▶ **Try it**:
Take the material below and extract the lines from the one with "カラフルでサイケデリックなクマのぬいぐるみ。" through the one with "湖南省财政厅关于提前下达2019年农业资源与生态保护补助资金的通知", word for word, without pictures.

[Information Boundary: Start]

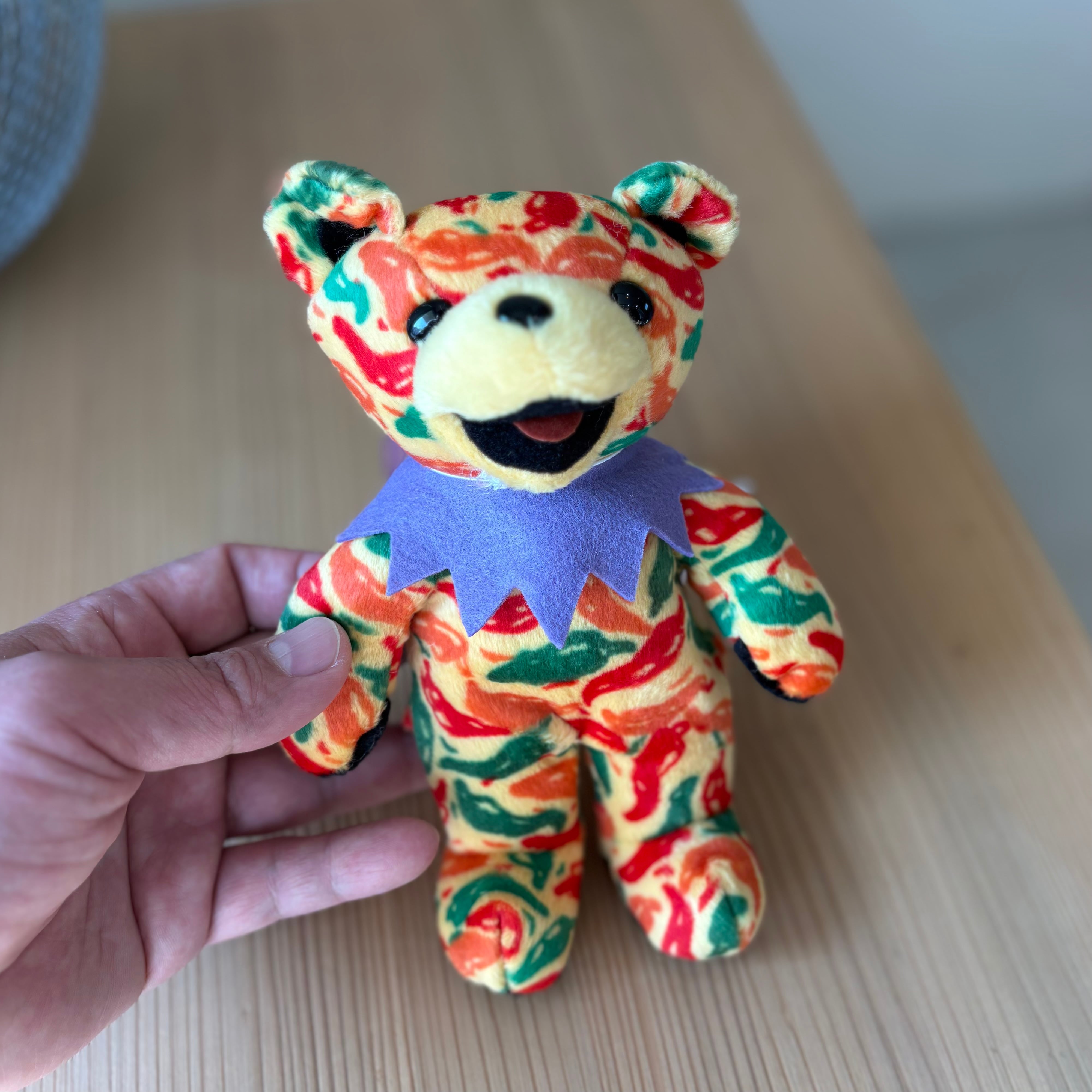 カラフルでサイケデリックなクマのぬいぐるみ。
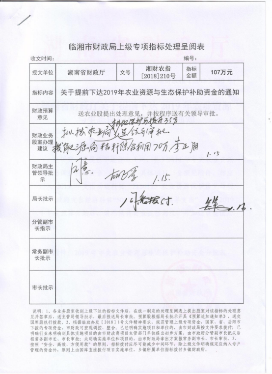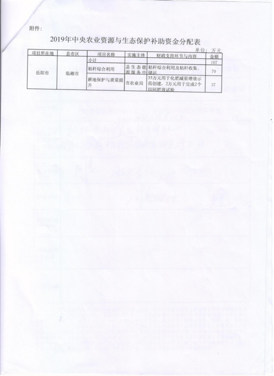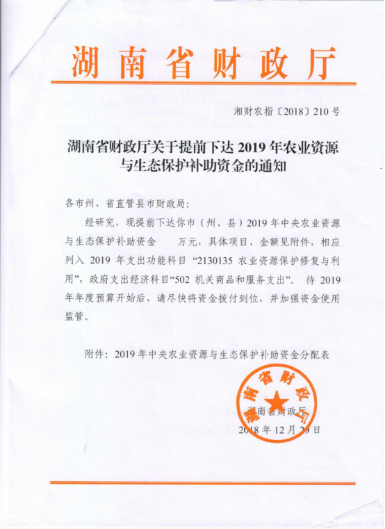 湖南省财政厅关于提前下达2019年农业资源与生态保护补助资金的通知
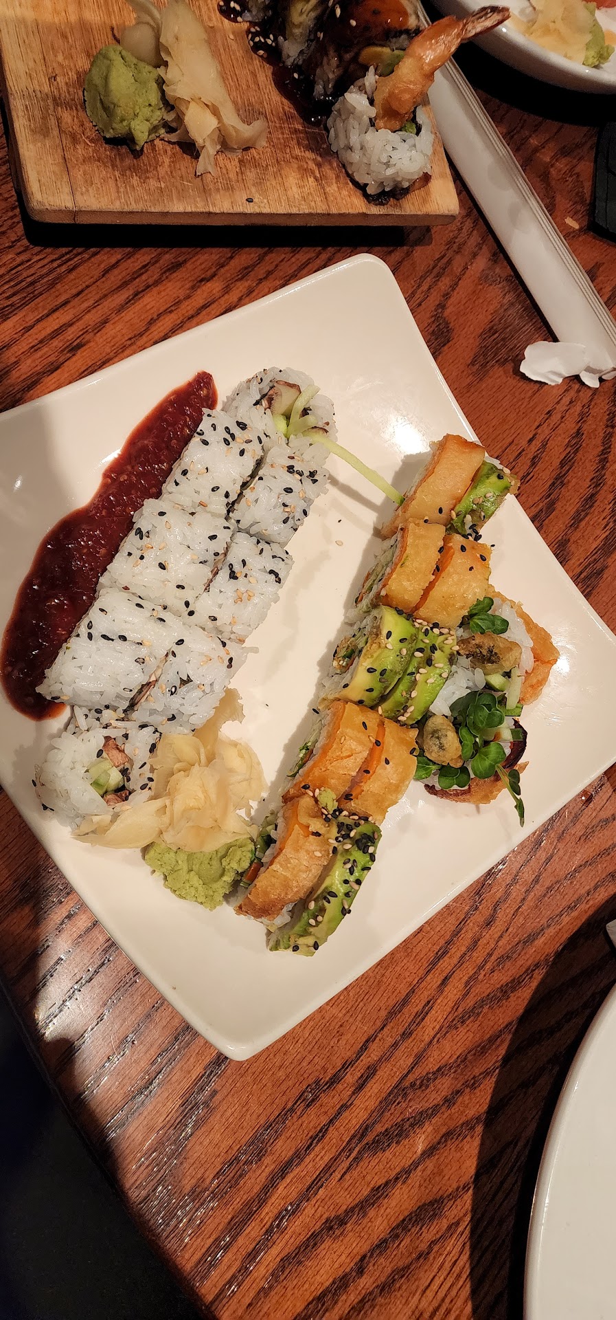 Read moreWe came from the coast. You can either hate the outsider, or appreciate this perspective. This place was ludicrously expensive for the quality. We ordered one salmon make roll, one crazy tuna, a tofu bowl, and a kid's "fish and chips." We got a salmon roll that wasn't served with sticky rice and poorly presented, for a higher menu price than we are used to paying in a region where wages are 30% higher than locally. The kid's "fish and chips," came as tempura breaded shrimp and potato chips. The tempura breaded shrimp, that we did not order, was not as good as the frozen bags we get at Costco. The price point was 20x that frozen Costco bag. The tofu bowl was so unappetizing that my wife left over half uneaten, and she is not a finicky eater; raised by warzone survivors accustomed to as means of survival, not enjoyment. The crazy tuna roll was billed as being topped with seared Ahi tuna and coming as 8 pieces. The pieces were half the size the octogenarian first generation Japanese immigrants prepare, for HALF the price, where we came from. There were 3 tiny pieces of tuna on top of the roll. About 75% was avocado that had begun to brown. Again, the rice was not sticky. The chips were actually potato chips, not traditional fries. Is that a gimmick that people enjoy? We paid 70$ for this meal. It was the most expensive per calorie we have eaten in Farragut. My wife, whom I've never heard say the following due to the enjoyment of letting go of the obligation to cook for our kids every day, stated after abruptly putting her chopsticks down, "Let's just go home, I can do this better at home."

[Information Boundary: End]
[Information Boundary: Start]

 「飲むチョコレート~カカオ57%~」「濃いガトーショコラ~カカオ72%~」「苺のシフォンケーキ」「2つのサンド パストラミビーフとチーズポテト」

[Information Boundary: End]

▶ **Solution for this task**:
 カラフルでサイケデリックなクマのぬいぐるみ。
 湖南省财政厅关于提前下达2019年农业资源与生态保护补助资金的通知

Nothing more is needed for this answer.